Top of PROVIDED ENTRIES
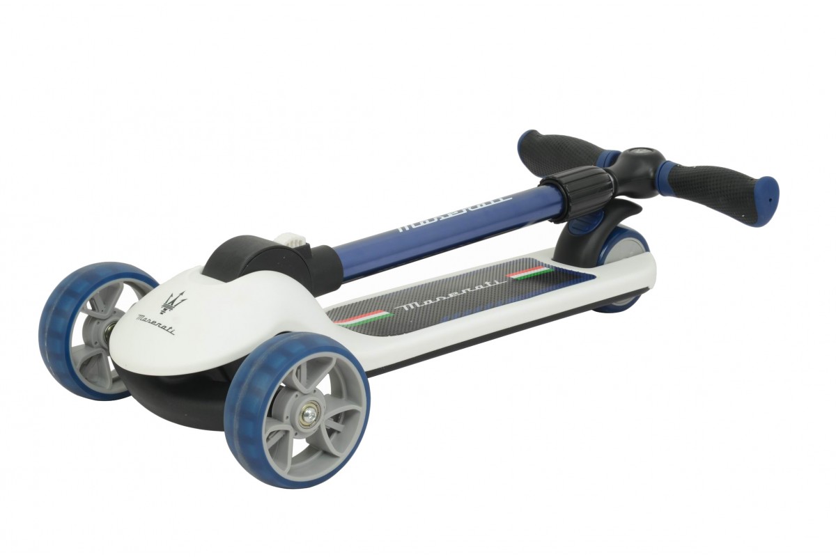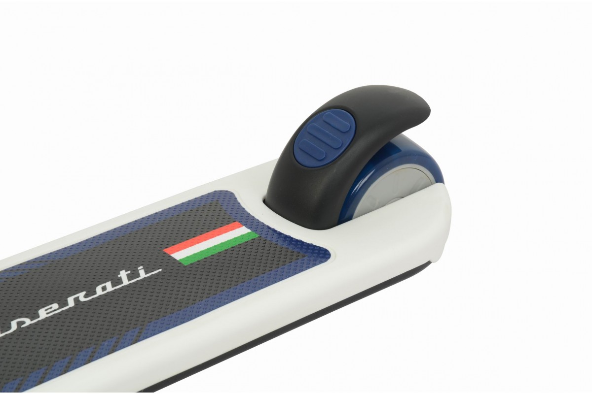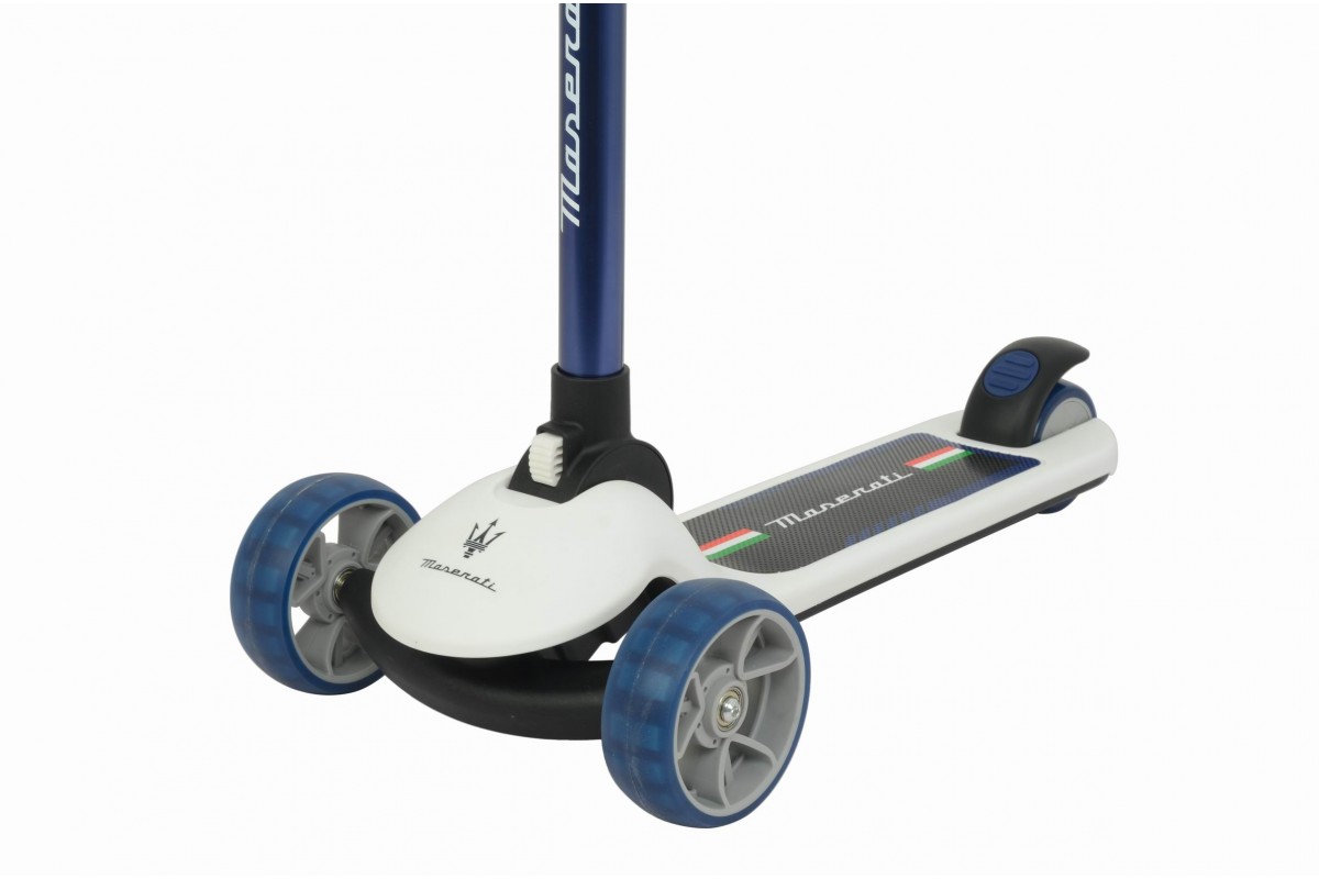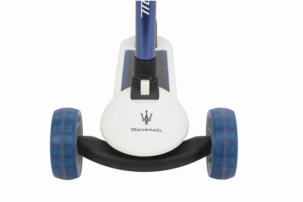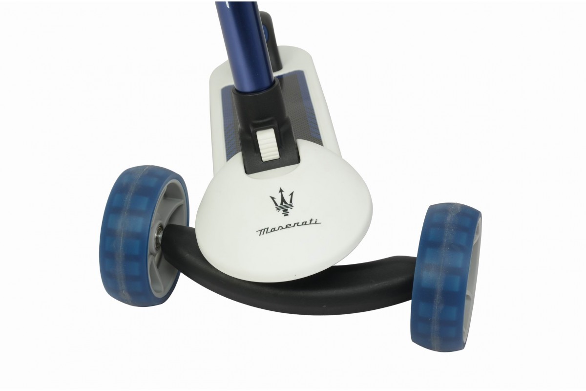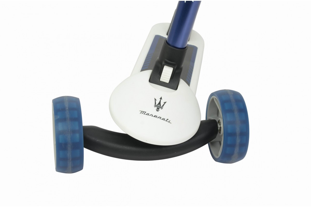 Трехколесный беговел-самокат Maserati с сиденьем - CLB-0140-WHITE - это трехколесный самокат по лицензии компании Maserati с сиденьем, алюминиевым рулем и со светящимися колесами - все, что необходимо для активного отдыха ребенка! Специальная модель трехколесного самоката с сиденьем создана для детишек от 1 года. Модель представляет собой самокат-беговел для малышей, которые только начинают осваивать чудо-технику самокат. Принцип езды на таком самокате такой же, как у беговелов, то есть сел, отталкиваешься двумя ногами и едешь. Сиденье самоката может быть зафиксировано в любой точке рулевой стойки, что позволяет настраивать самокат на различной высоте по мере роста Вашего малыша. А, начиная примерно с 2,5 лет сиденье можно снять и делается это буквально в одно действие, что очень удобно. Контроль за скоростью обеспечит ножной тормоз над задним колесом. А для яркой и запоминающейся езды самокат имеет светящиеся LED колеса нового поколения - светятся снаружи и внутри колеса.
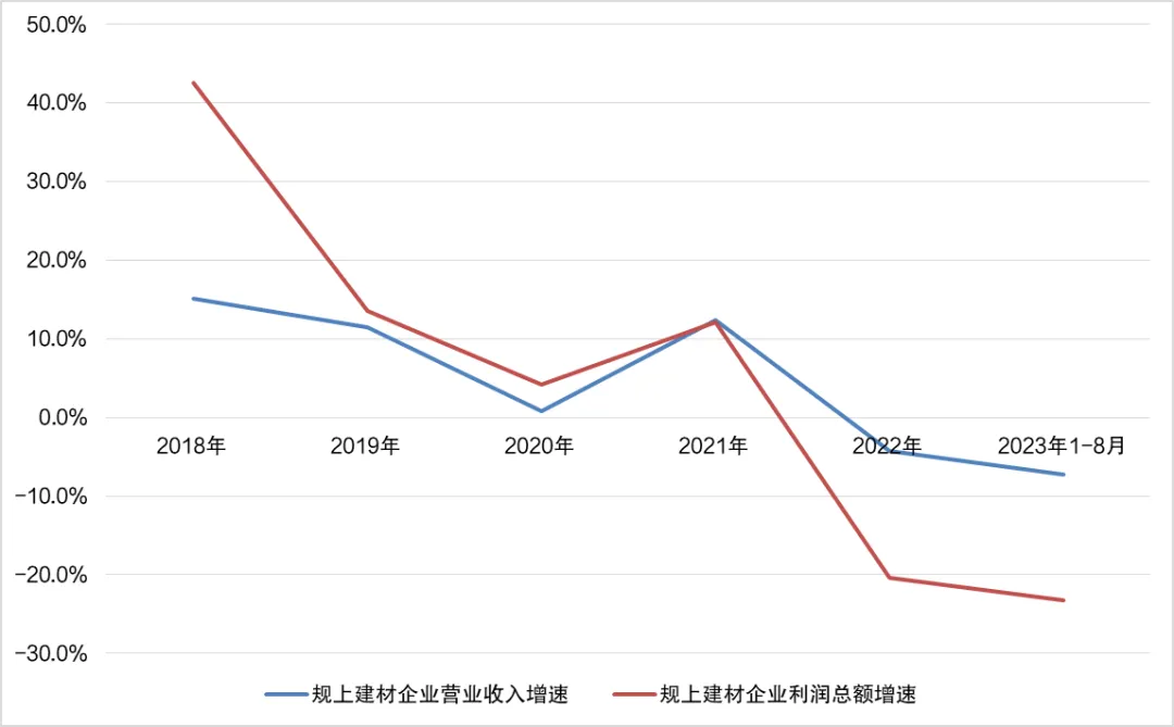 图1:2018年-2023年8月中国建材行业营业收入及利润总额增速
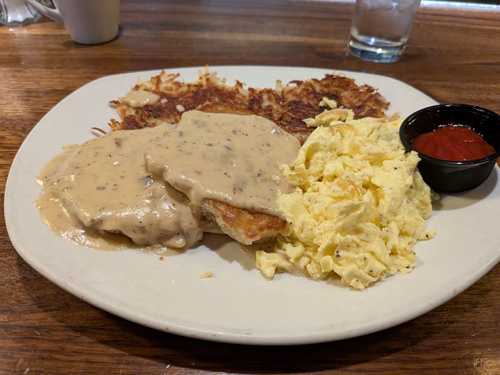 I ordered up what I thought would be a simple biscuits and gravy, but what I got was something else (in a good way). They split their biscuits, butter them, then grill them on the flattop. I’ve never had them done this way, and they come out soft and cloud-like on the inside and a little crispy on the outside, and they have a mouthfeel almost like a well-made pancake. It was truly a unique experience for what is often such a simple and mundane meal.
Bottom of PROVIDED ENTRIES
Top of PROVIDED ENTRIES
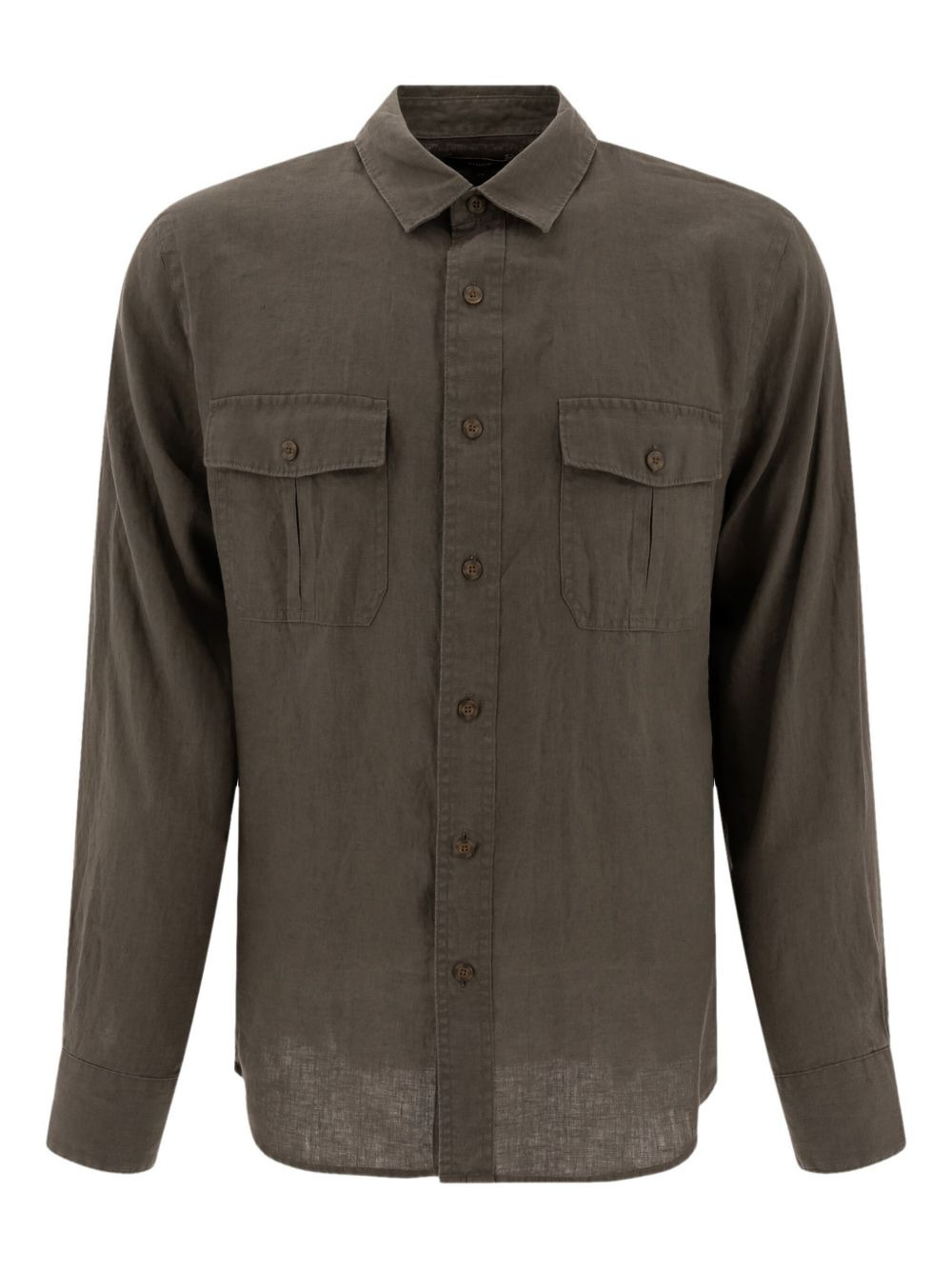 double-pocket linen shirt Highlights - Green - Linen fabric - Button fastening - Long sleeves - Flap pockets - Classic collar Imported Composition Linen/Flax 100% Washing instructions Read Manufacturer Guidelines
Bottom of PROVIDED ENTRIES
Top of PROVIDED ENTRIES
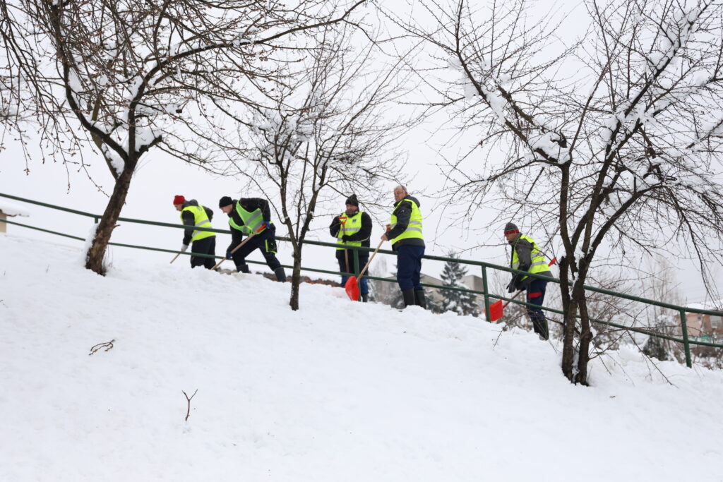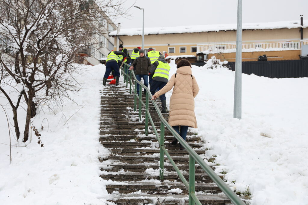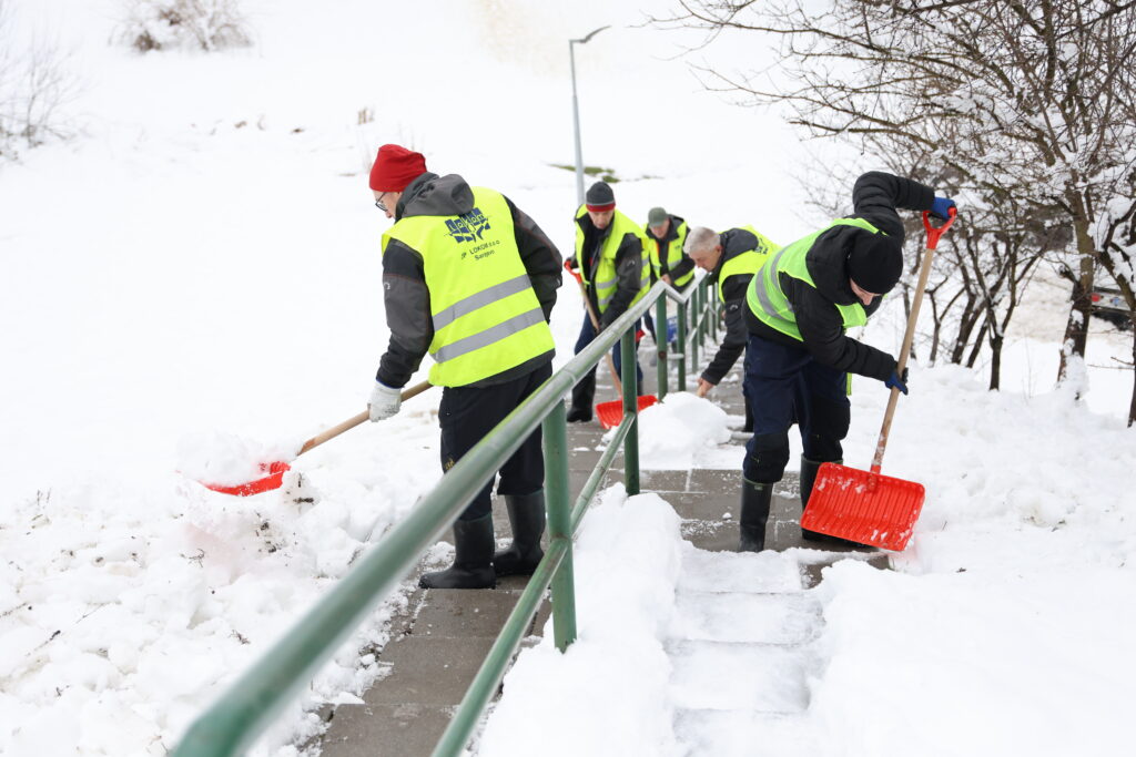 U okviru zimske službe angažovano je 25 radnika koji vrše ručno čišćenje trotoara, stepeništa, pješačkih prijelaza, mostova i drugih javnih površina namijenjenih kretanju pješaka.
Bottom of PROVIDED ENTRIES
» **HOW TO COMPLETE THIS TASK**
Return exactly the lines of the material above, starting at the line containing "Трехколесный беговел-самокат Maserati" and finishing at the line containing "I ordered up", without any pictures.

» **ANSWER TO THIS PROBLEM**
 Трехколесный беговел-самокат Maserati с сиденьем - CLB-0140-WHITE - это трехколесный самокат по лицензии компании Maserati с сиденьем, алюминиевым рулем и со светящимися колесами - все, что необходимо для активного отдыха ребенка! Специальная модель трехколесного самоката с сиденьем создана для детишек от 1 года. Модель представляет собой самокат-беговел для малышей, которые только начинают осваивать чудо-технику самокат. Принцип езды на таком самокате такой же, как у беговелов, то есть сел, отталкиваешься двумя ногами и едешь. Сиденье самоката может быть зафиксировано в любой точке рулевой стойки, что позволяет настраивать самокат на различной высоте по мере роста Вашего малыша. А, начиная примерно с 2,5 лет сиденье можно снять и делается это буквально в одно действие, что очень удобно. Контроль за скоростью обеспечит ножной тормоз над задним колесом. А для яркой и запоминающейся езды самокат имеет светящиеся LED колеса нового поколения - светятся снаружи и внутри колеса.
 图1:2018年-2023年8月中国建材行业营业收入及利润总额增速
 I ordered up what I thought would be a simple biscuits and gravy, but what I got was something else (in a good way). They split their biscuits, butter them, then grill them on the flattop. I’ve never had them done this way, and they come out soft and cloud-like on the inside and a little crispy on the outside, and they have a mouthfeel almost like a well-made pancake. It was truly a unique experience for what is often such a simple and mundane meal.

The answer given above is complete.